Task prompt: Set down, exactly and only, everything from the line containing "随后,郑州市第十四高级中学党" down to the line containing "- 02/07/2024: I" in the data below; the pictures are not part of the copy.

Data to process:

== Segment start ==

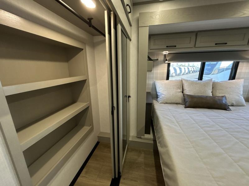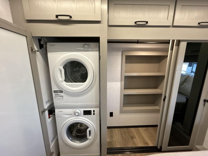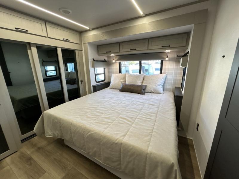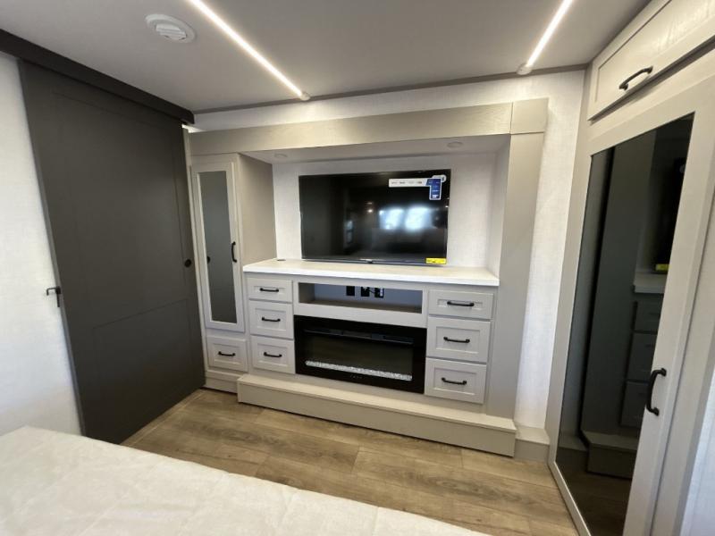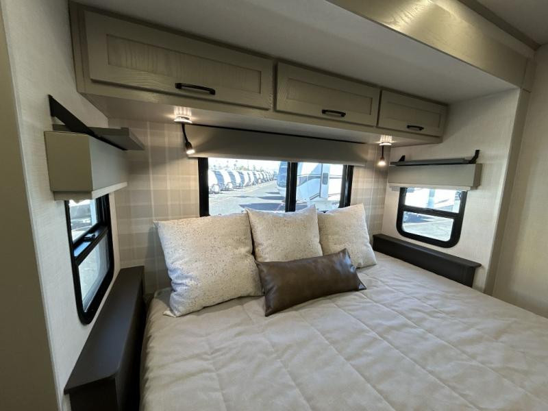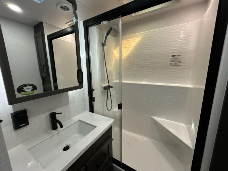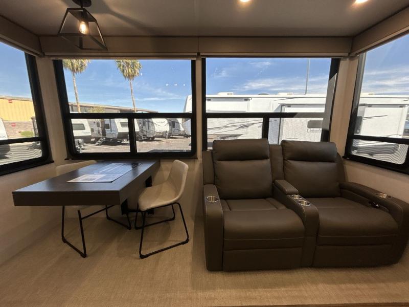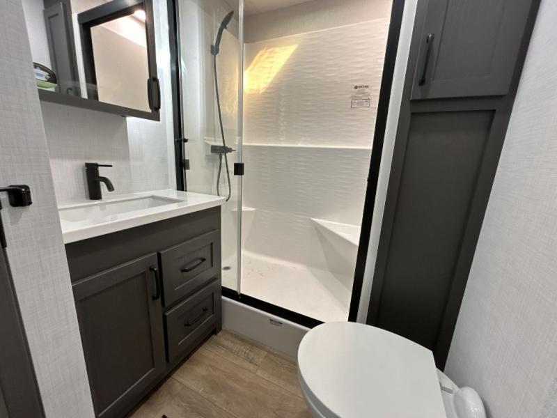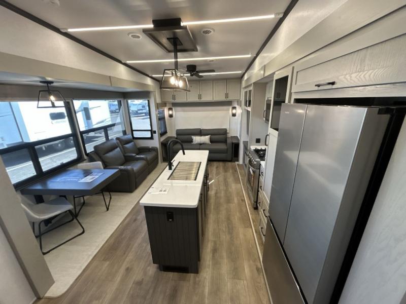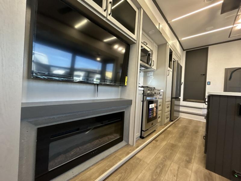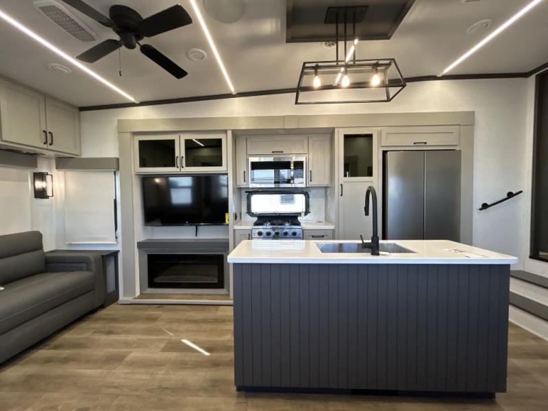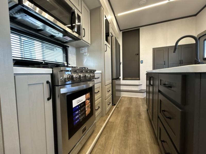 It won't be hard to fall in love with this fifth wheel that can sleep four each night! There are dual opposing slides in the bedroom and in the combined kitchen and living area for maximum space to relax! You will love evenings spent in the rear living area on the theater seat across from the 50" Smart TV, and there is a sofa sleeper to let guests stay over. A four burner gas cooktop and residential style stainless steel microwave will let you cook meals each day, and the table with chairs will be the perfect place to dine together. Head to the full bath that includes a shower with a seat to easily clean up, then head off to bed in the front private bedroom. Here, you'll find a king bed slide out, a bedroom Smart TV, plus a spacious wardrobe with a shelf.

== Segment end ==
== Segment start ==

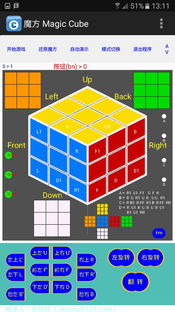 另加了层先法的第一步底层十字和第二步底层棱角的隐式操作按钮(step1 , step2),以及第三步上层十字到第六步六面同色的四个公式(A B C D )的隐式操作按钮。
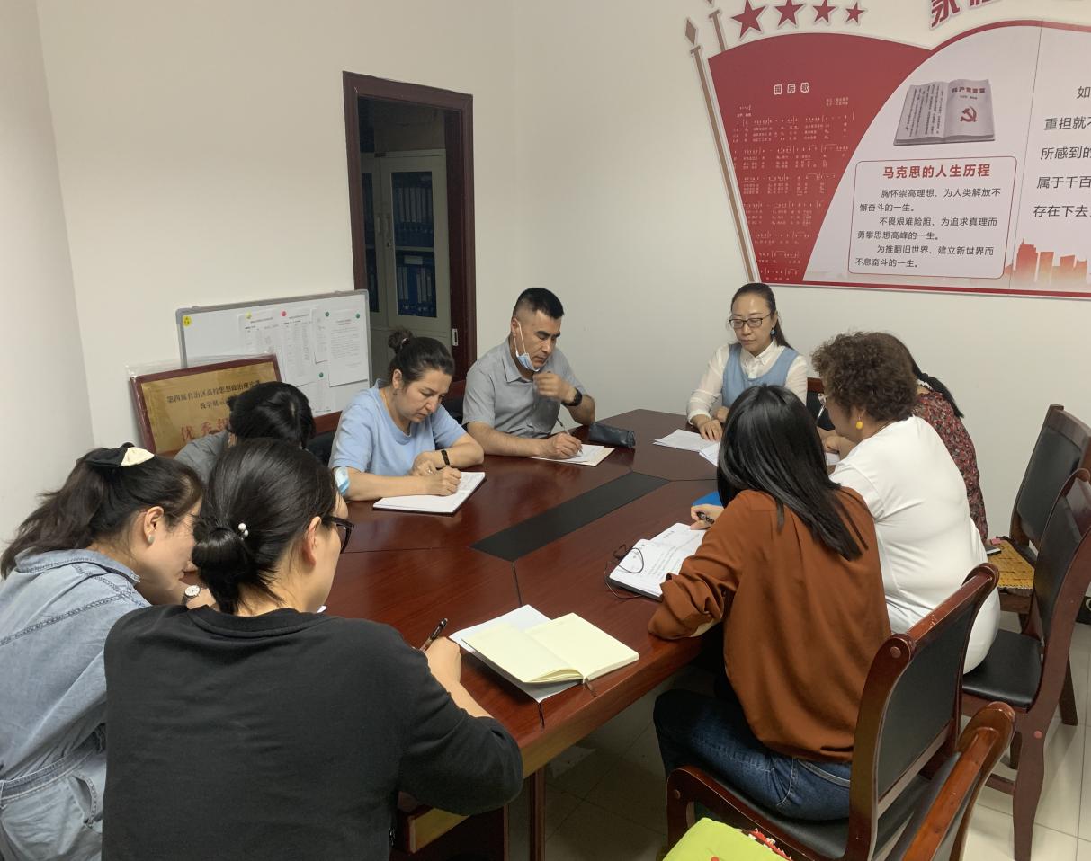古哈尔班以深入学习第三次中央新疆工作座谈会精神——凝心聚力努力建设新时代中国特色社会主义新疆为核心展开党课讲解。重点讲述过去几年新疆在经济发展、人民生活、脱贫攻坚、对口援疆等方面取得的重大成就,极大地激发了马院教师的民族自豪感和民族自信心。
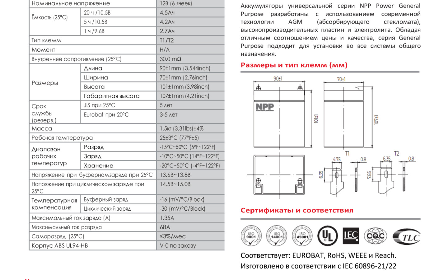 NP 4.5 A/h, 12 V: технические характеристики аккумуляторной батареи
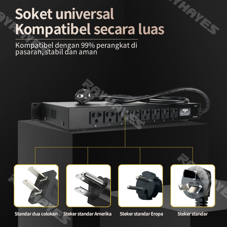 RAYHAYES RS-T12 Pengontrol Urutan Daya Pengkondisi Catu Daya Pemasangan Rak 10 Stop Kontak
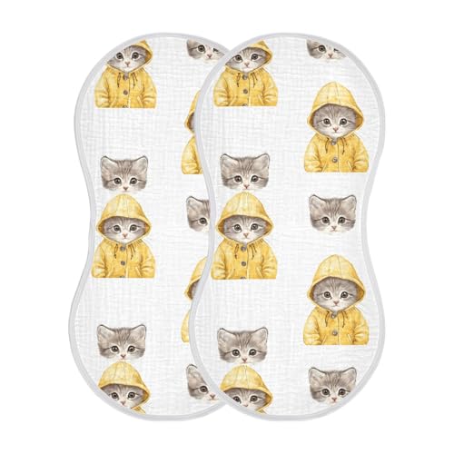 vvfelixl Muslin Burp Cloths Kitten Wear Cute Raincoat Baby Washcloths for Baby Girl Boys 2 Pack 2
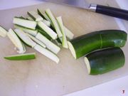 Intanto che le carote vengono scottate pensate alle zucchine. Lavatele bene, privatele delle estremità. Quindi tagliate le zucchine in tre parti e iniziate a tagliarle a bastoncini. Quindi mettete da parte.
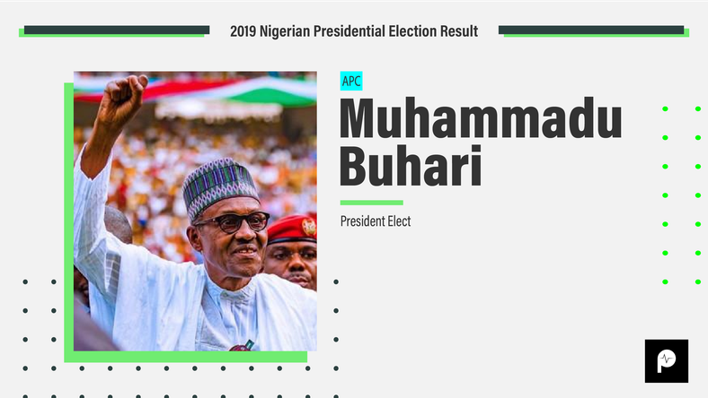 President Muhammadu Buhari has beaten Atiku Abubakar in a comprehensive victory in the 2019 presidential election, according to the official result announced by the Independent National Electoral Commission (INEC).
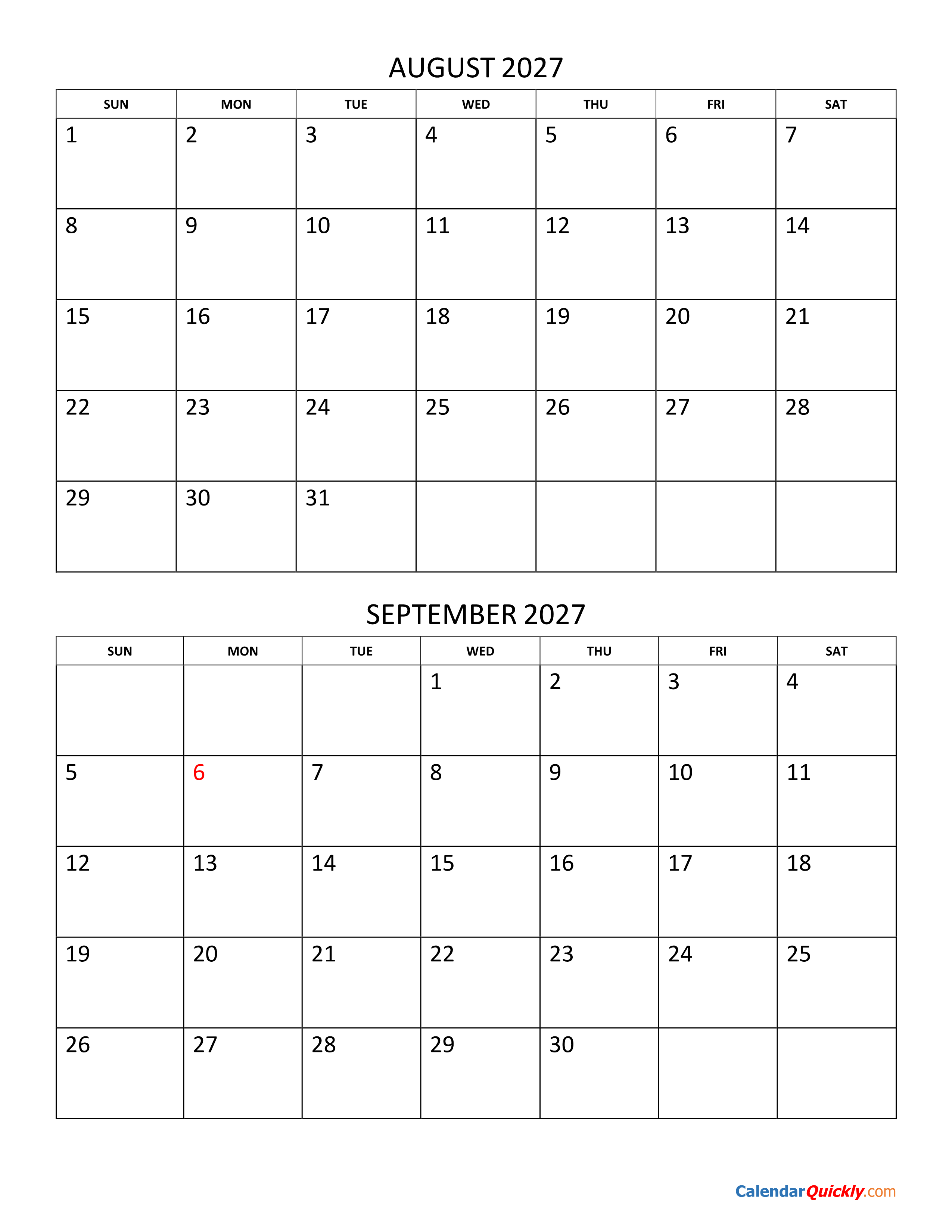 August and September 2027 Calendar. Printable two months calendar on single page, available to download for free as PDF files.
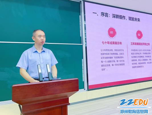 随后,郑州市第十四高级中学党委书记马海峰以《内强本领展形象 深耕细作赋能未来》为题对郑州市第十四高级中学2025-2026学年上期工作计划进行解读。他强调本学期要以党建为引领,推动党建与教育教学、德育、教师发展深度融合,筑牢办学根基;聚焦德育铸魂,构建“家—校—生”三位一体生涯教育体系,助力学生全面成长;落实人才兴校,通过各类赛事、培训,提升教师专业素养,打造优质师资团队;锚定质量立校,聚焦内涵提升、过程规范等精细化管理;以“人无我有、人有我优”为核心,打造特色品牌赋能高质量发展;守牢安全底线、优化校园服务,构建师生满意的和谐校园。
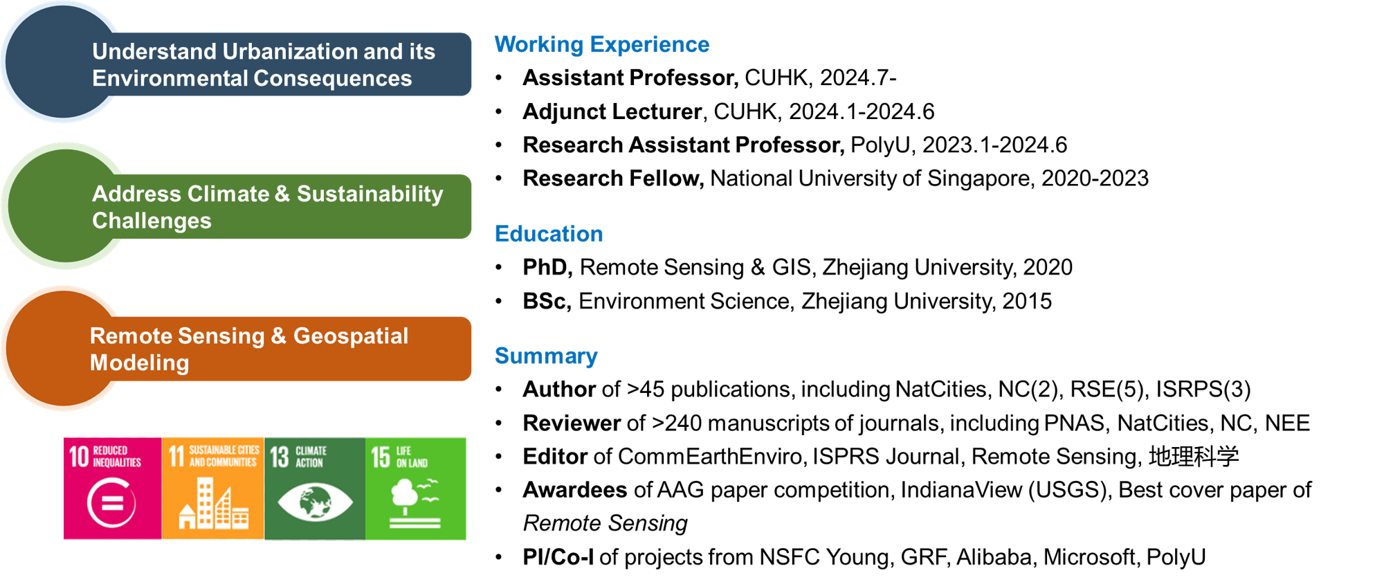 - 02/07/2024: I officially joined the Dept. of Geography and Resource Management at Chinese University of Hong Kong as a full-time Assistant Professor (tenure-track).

== Segment end ==

Solution to this exercise:
 随后,郑州市第十四高级中学党委书记马海峰以《内强本领展形象 深耕细作赋能未来》为题对郑州市第十四高级中学2025-2026学年上期工作计划进行解读。他强调本学期要以党建为引领,推动党建与教育教学、德育、教师发展深度融合,筑牢办学根基;聚焦德育铸魂,构建“家—校—生”三位一体生涯教育体系,助力学生全面成长;落实人才兴校,通过各类赛事、培训,提升教师专业素养,打造优质师资团队;锚定质量立校,聚焦内涵提升、过程规范等精细化管理;以“人无我有、人有我优”为核心,打造特色品牌赋能高质量发展;守牢安全底线、优化校园服务,构建师生满意的和谐校园。
 - 02/07/2024: I officially joined the Dept. of Geography and Resource Management at Chinese University of Hong Kong as a full-time Assistant Professor (tenure-track).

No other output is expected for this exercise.